Yet it takes only the gentlest of nudges to slip from an understanding of continuity as bridging a ‘gap’ to an understanding of continuity as filling a gap. Although Darwin’s analogy could potentially illustrate why ‘humans like us’ might nevertheless not be religious, it would more likely ‘confirm’, to a Victorian public steeped in the ideologies of colonialism, that non-religious people, unlike religious people, are like animals (if not, at least in some respects, synonymous with them). From this perspective, being not religious is in fact being not yet religious, not yet capable of being religious.10 Continuity (in this case, interspecies continuity) and division (in this case, the moral/political divisions between animals and humans, and between different groups of humans) are not, in other words, mutually exclusive, as both Day and Chidester seem to suppose.

My point is that the analogy is troubling not solely on account of the racist, imperialist context in which it is situated, but also because, in the nineteenth century, a particular conception of evolutionary time could apply as much to ‘race’ as it did to species. Understanding this historically and culturally specific conception of the shared temporalities of species and of ‘race’ in the nineteenth century is important because, without it, one might miss how Darwin’s ‘bridge’ between humans and animals, the unity of descent, could be interpreted as a racialised gradation of humans and animals. Understood thus, the parasol anecdote looks less like an argument for interspecies continuity, and more like an illustration of how dogs, ‘savages’ and God-fearing Europeans fit on to a continuous, linear and ‘progressive’ evolutionary scale.

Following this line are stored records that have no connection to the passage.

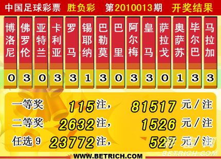 �����й������Ʊ��10013�ڿ���������һ�Ƚ�115ע��ÿע81517Ԫ�����Ƚ�2632ע��ÿע1526Ԫ����������20925270Ԫ����ѡ9������������һ�Ƚ�23772ע��ÿע527Ԫ����������19577904Ԫ��
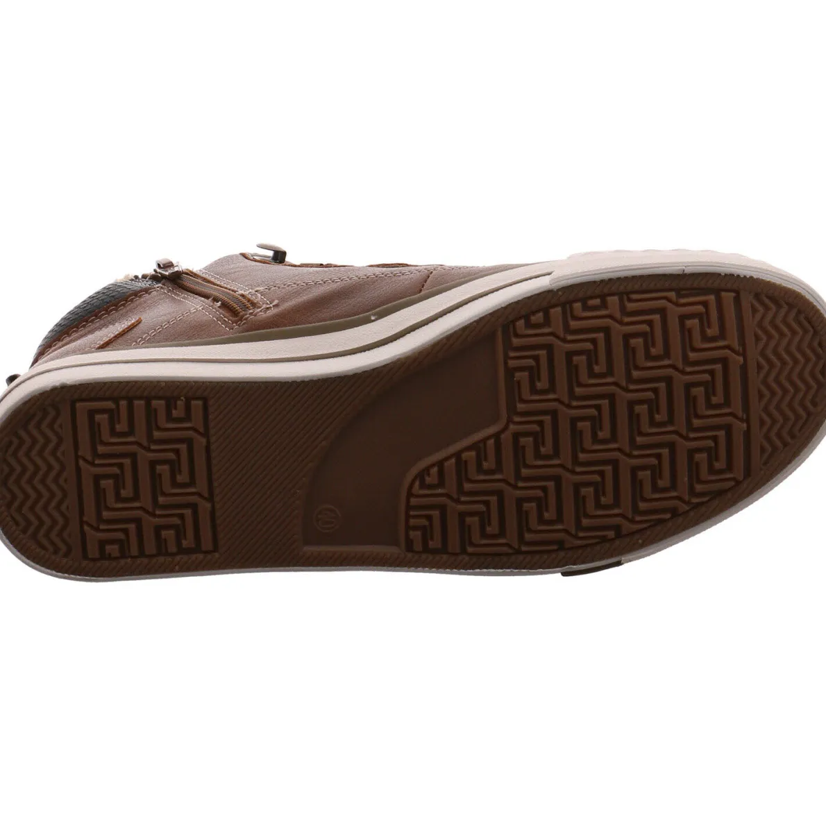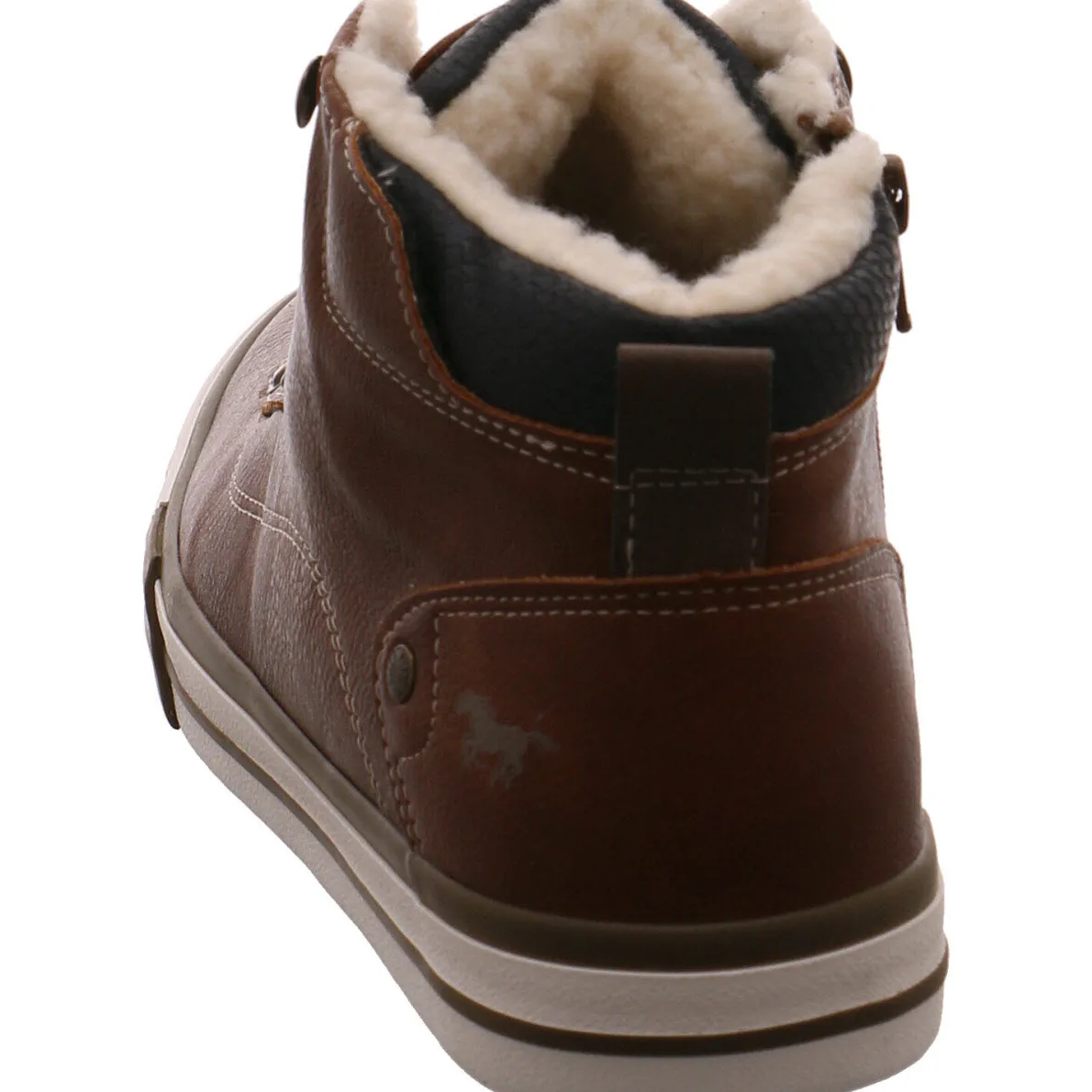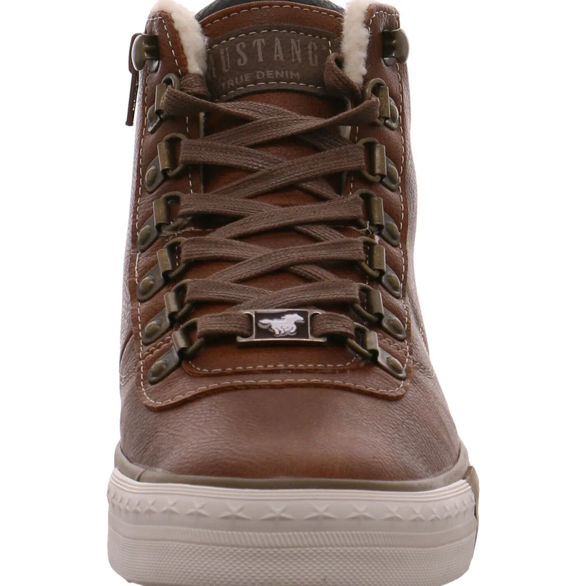 Dieser sportlich lässige Herren Hightop Sneaker von Mustang aus pflegeleichtem Kunstleder in Cognac Braun rundet jedes Casual Outfit perfekt ab.
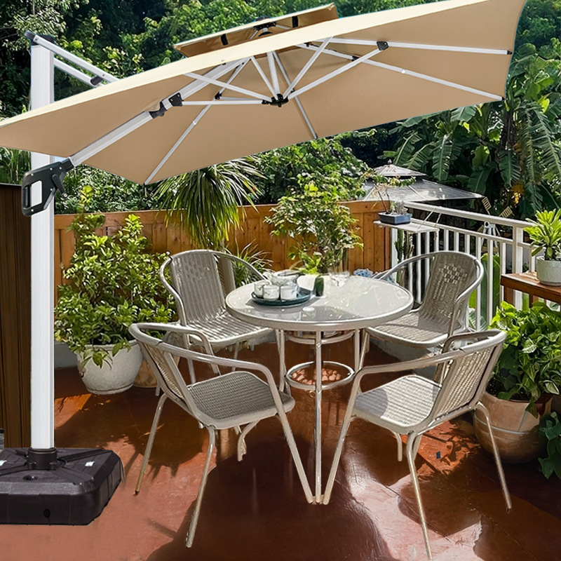 • 의자 4개 + 80CM 유리 원형 테이블 + 2.5m 우산
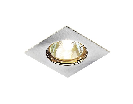 Врезной светильник из металла в цвете "сатиновое серебро", для ламп GU5.3, диаметр 68 мм. Стильное решение для подвесных и гипсокартонных потолков.
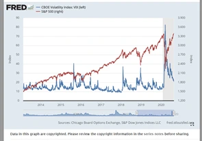 VIX 지수가 높았을 때 S&P500 지수가 하락했다는 걸 볼 수 있습니다. VIX 지수와 S&P500 지수는 반대로 움직이죠.
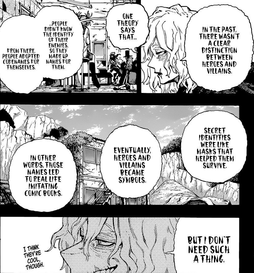 I like how Tomura was the one to drop lore like that; it showed that All For One was actually teaching him a bit about the history of the world after quirks started popping up. And I was always curious why he and Toga never choose Villain names of their own. Heck; I don’t even know what they would choose!

By the end of Darwin’s century, ‘mankind (le genre humain)’ had shrunk into ‘the human species (l’espèce humaine)’ (Foucault 2009: 75) (as all other creatures had shrunk into species) and, no less significantly, race had mostly contracted to human phenotypical difference (Peterson 2019: 445). The ‘capacious’ definition of race, which had applied as much to cabbages as to humans, was supplanted toward the end of the nineteenth century, and certainly by the beginning of the twentieth century, by ‘a human-centred definition’ (Peterson 2019: 444). Race itself, as Christopher Peterson succinctly puts it, was racialised (Peterson 2019: 444). In 1932, the concept of racism entered the Oxford English Dictionary in the context of the rise of European fascism (Peterson 2019: 449). Today, the conjoined becoming-species of humans (and, more specifically, the becoming one species of human) and the becoming-human of ‘race’ make it inconceivable that religion – or indeed any other non-biological quality or characteristic – could define separate human species or human ‘races’. The very mode of my analysis of the parasol anecdote is indicative of this: it implicitly reflects my understanding of racism as a force that assumes many different forms, draws on many supporting actors (such as dogs), and can be interrogated in its historical and cultural specificity. Biology is relevant here, not for what it says about ‘race’ per se, but because the real, material substance of biology (life, reproduction, sexuality, nutrition, disease, death) is deployed to do biopolitical work. A key technique of that biopolitical work is racism, which Foucault describes as ‘a biological-type caesura within a population that appears to be a biological domain’ (Foucault 2003: 255). In other words, racism fractures what is now understood to be a ‘biological’ field. This does not mean that ‘race’ is biological. On the contrary, it illustrates that it is not. What it means, is that racist forms of politics exploit biology.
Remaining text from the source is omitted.